_Your task:_ Copy the data precisely, character for character, and leave out every picture.

_Given data:_
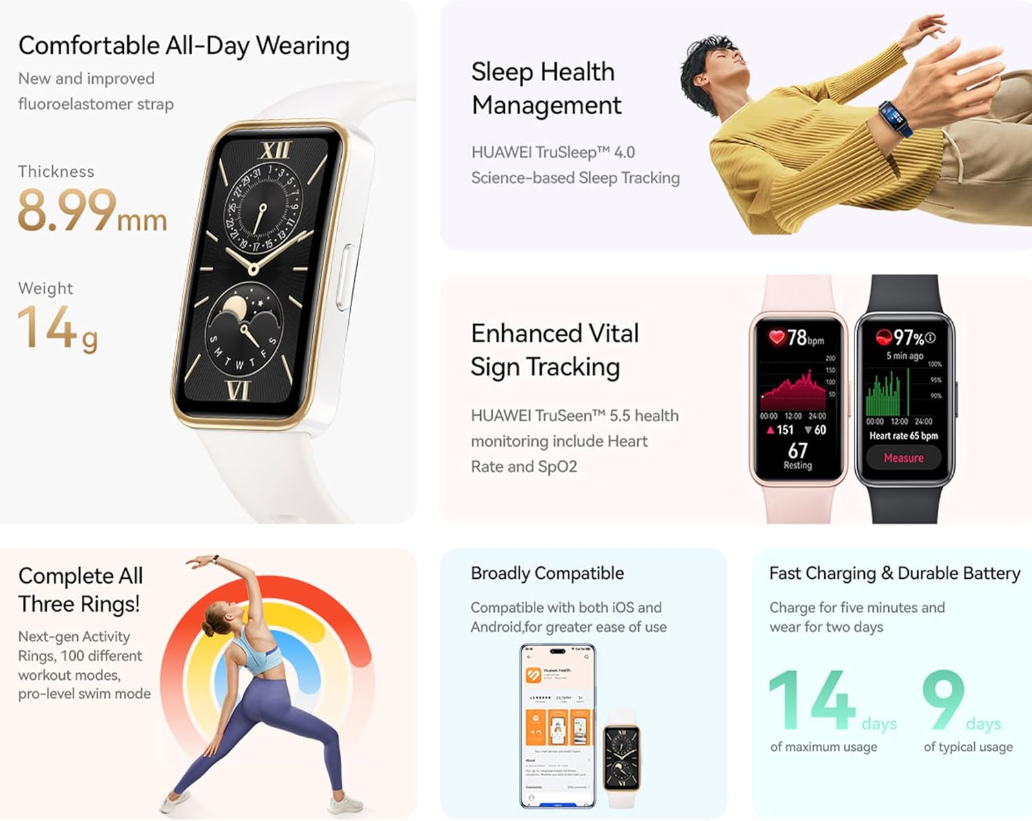 - HUAWEI TruSleep 3.0 tracks every second of sleep and provides the tools and tips you need to sleep well every night
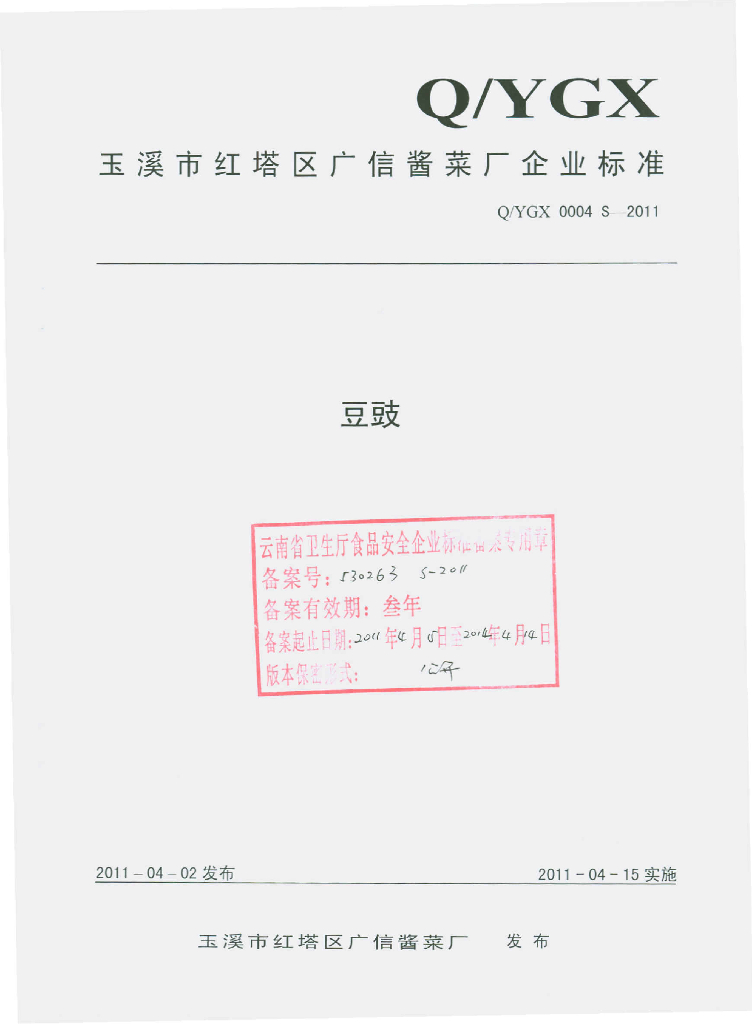 Q/YGX 0004S-2011 豆豉
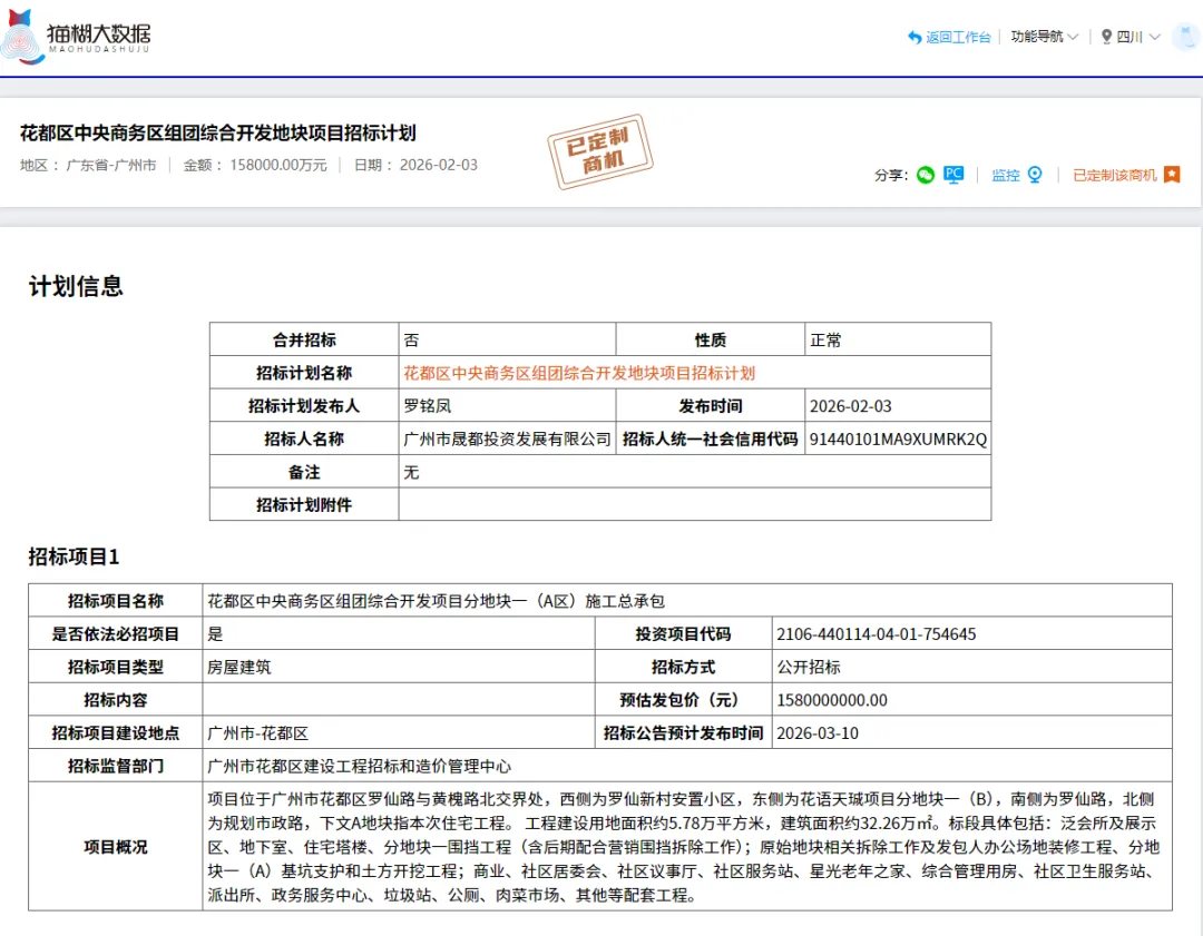 2026年2月3日,广东省招标投标监管网发布了花都区中央商务区组团综合开发地块项目招标计划。该项目预估发包价15.8亿元,涵盖住宅、商业及配套设施建设,为建筑行业相关企业提供了丰富的商业机会。
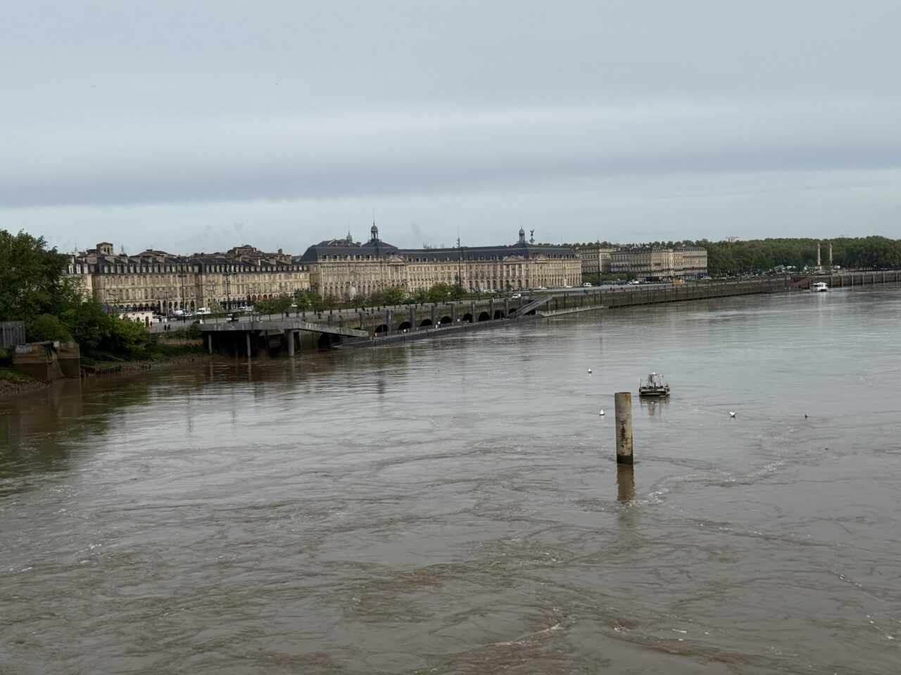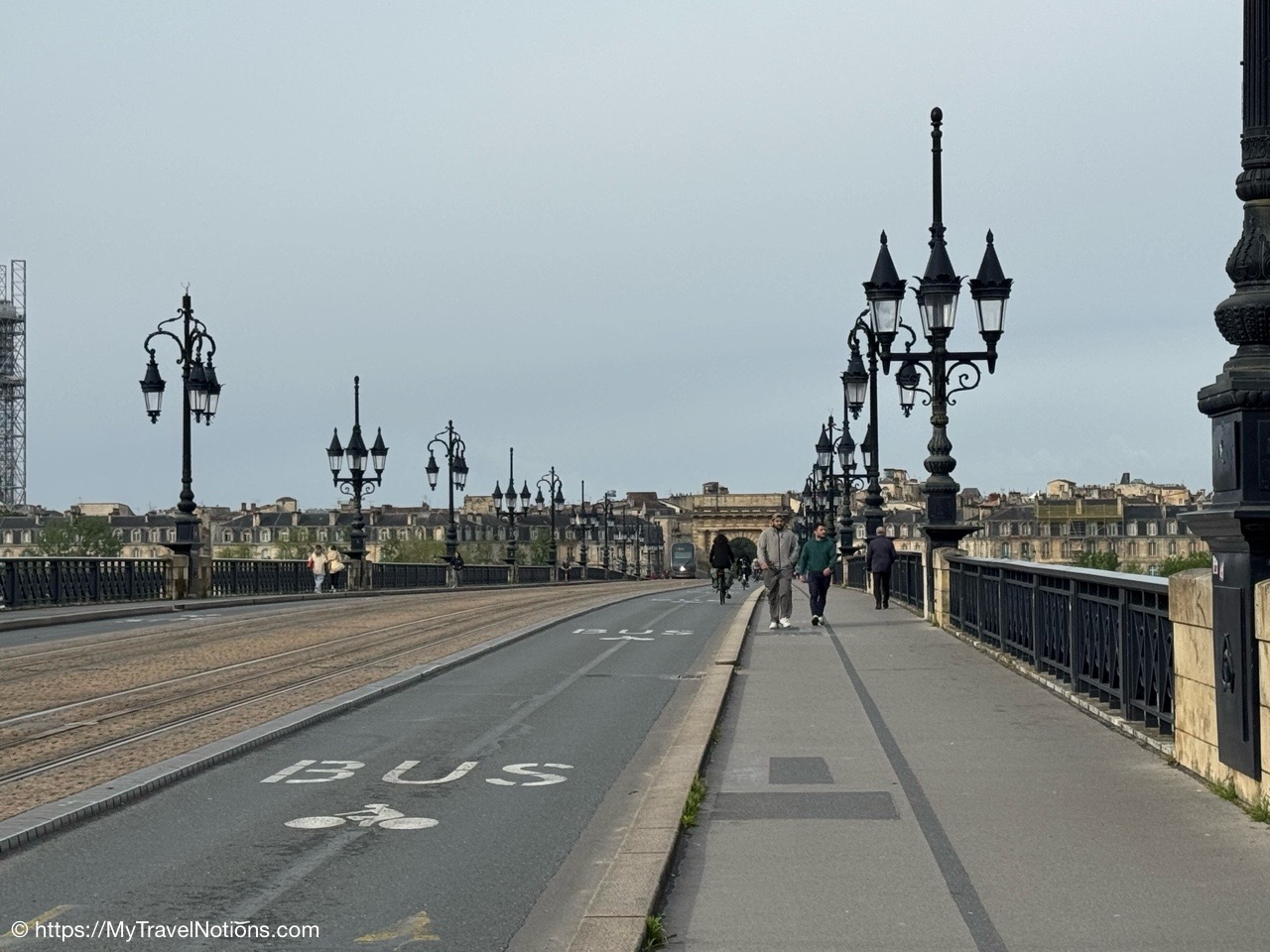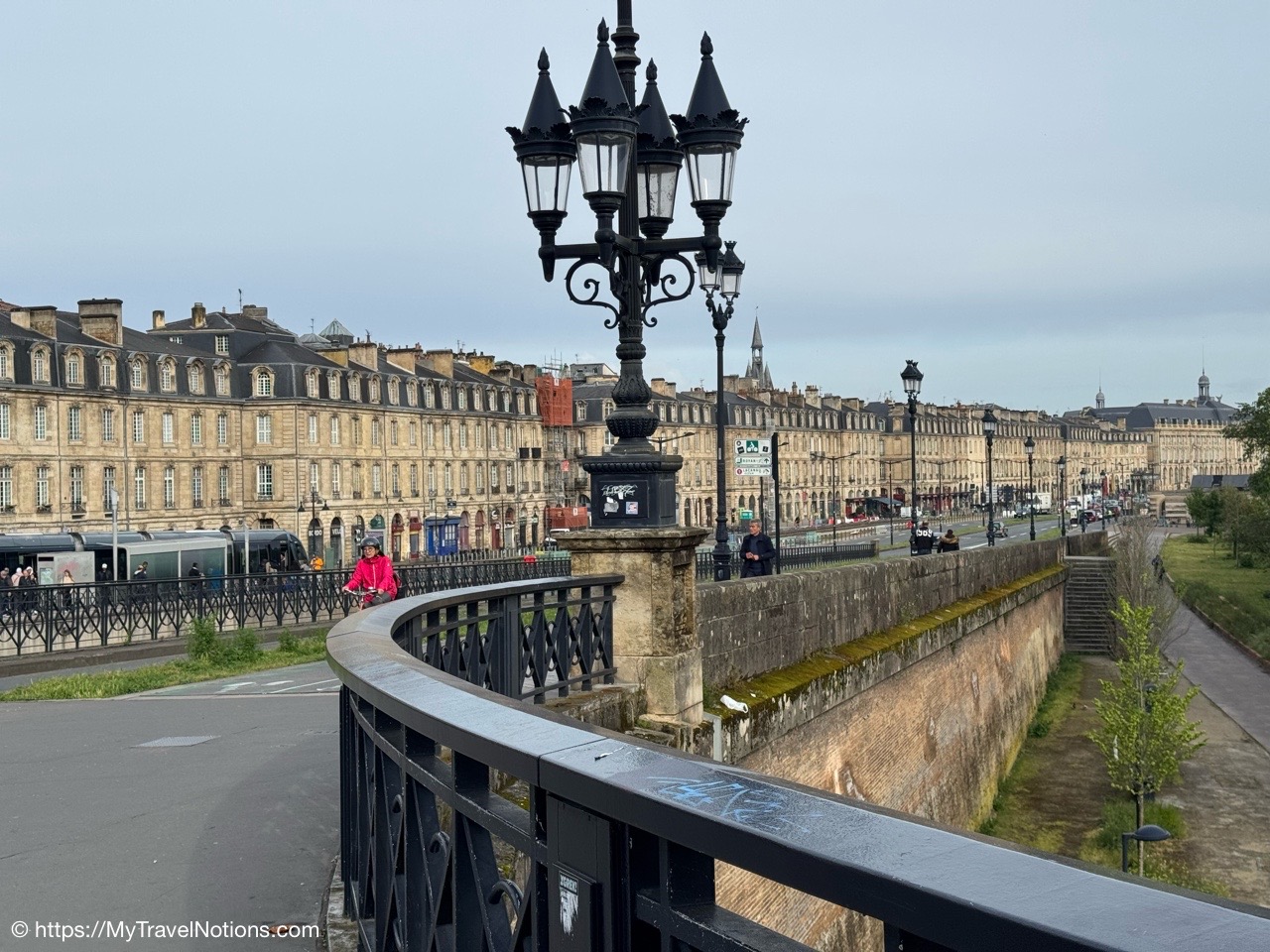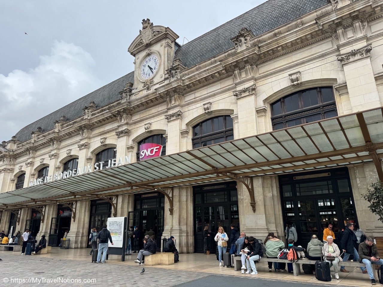 It was just a bit of a chilly, damp morning as we said goodbye to Bordeaux with a group morning walk to the stone bridge of Pont de Pierre, also sometimes referred to as the Pont Napoléon. Connecting the left and right banks of the Garonne, the bridge was commissioned by Napoleon I and inaugurated in 1822 and was the first stone bridge built in Bordeaux. Until then, it was necessary to cross the river by boat. (April 22, 2025)Getting in a morning walk towards the stone bridge of Pont de Pierre, also sometimes referred to as the Pont Napoléon in Bordeaux as our way of saying good-bye to our stay in Bordeaux. (April 22, 2025)First bridge over the river Garonne at Bordeaux, the Pont de Pierre was planned and designed during the First French Empire, under the orders of Napoleon I. (April 22, 2025)Walking along the Pont de Pierre with views of the Garonne river in Bordeaux. (April 22, 2025)Heading back to across the Pont de Pierre, back to our hotel, the Quality Hotel Bordeaux Centre to get cleaned up and finish packing for our tram ride to the Bordeaux Saint-Jean train station and then onto our less than 3-hour train ride to Sarlat-la-Canéda. (April 22, 2025)Heading back to our hotel, the Quality Hotel Bordeaux Centre to get cleaned up and finish packing for our tram ride to the Bordeaux Saint-Jean train station for our less than 3-hour train ride to Sarlat-la-Canéda. (April 22, 2025)Walking past the Porte Cailhau on the way back to the hotel, the Quality Hotel Bordeaux Centre to get cleaned up and finish packing for our tram ride to the Bordeaux Saint-Jean train station for our less than 3-hour train ride to Sarlat-la-Canéda. (April 22, 2025)Walking back through the Place du Parlement with our suitcases and backpacks as we head to tram station at the Place de la Bourse for 10-minute or so tram ride to the Bordeaux Saint-Jean train station. (April 22, 2025)At the Place de la Bourse where we picked up the tram for our 10-minute or so ride to the Bordeaux Saint-Jean train station. (April 22, 2025)Back at the Bordeaux Saint-Jean train station where we began our time into the city and now we’re saying good-bye as we move to our next location of our France & Friends journey: Sarlat-la-Canéda. (April 22, 2025)

_Exercise output:_
 - HUAWEI TruSleep 3.0 tracks every second of sleep and provides the tools and tips you need to sleep well every night
 Q/YGX 0004S-2011 豆豉
 2026年2月3日,广东省招标投标监管网发布了花都区中央商务区组团综合开发地块项目招标计划。该项目预估发包价15.8亿元,涵盖住宅、商业及配套设施建设,为建筑行业相关企业提供了丰富的商业机会。
 It was just a bit of a chilly, damp morning as we said goodbye to Bordeaux with a group morning walk to the stone bridge of Pont de Pierre, also sometimes referred to as the Pont Napoléon. Connecting the left and right banks of the Garonne, the bridge was commissioned by Napoleon I and inaugurated in 1822 and was the first stone bridge built in Bordeaux. Until then, it was necessary to cross the river by boat. (April 22, 2025)Getting in a morning walk towards the stone bridge of Pont de Pierre, also sometimes referred to as the Pont Napoléon in Bordeaux as our way of saying good-bye to our stay in Bordeaux. (April 22, 2025)First bridge over the river Garonne at Bordeaux, the Pont de Pierre was planned and designed during the First French Empire, under the orders of Napoleon I. (April 22, 2025)Walking along the Pont de Pierre with views of the Garonne river in Bordeaux. (April 22, 2025)Heading back to across the Pont de Pierre, back to our hotel, the Quality Hotel Bordeaux Centre to get cleaned up and finish packing for our tram ride to the Bordeaux Saint-Jean train station and then onto our less than 3-hour train ride to Sarlat-la-Canéda. (April 22, 2025)Heading back to our hotel, the Quality Hotel Bordeaux Centre to get cleaned up and finish packing for our tram ride to the Bordeaux Saint-Jean train station for our less than 3-hour train ride to Sarlat-la-Canéda. (April 22, 2025)Walking past the Porte Cailhau on the way back to the hotel, the Quality Hotel Bordeaux Centre to get cleaned up and finish packing for our tram ride to the Bordeaux Saint-Jean train station for our less than 3-hour train ride to Sarlat-la-Canéda. (April 22, 2025)Walking back through the Place du Parlement with our suitcases and backpacks as we head to tram station at the Place de la Bourse for 10-minute or so tram ride to the Bordeaux Saint-Jean train station. (April 22, 2025)At the Place de la Bourse where we picked up the tram for our 10-minute or so ride to the Bordeaux Saint-Jean train station. (April 22, 2025)Back at the Bordeaux Saint-Jean train station where we began our time into the city and now we’re saying good-bye as we move to our next location of our France & Friends journey: Sarlat-la-Canéda. (April 22, 2025)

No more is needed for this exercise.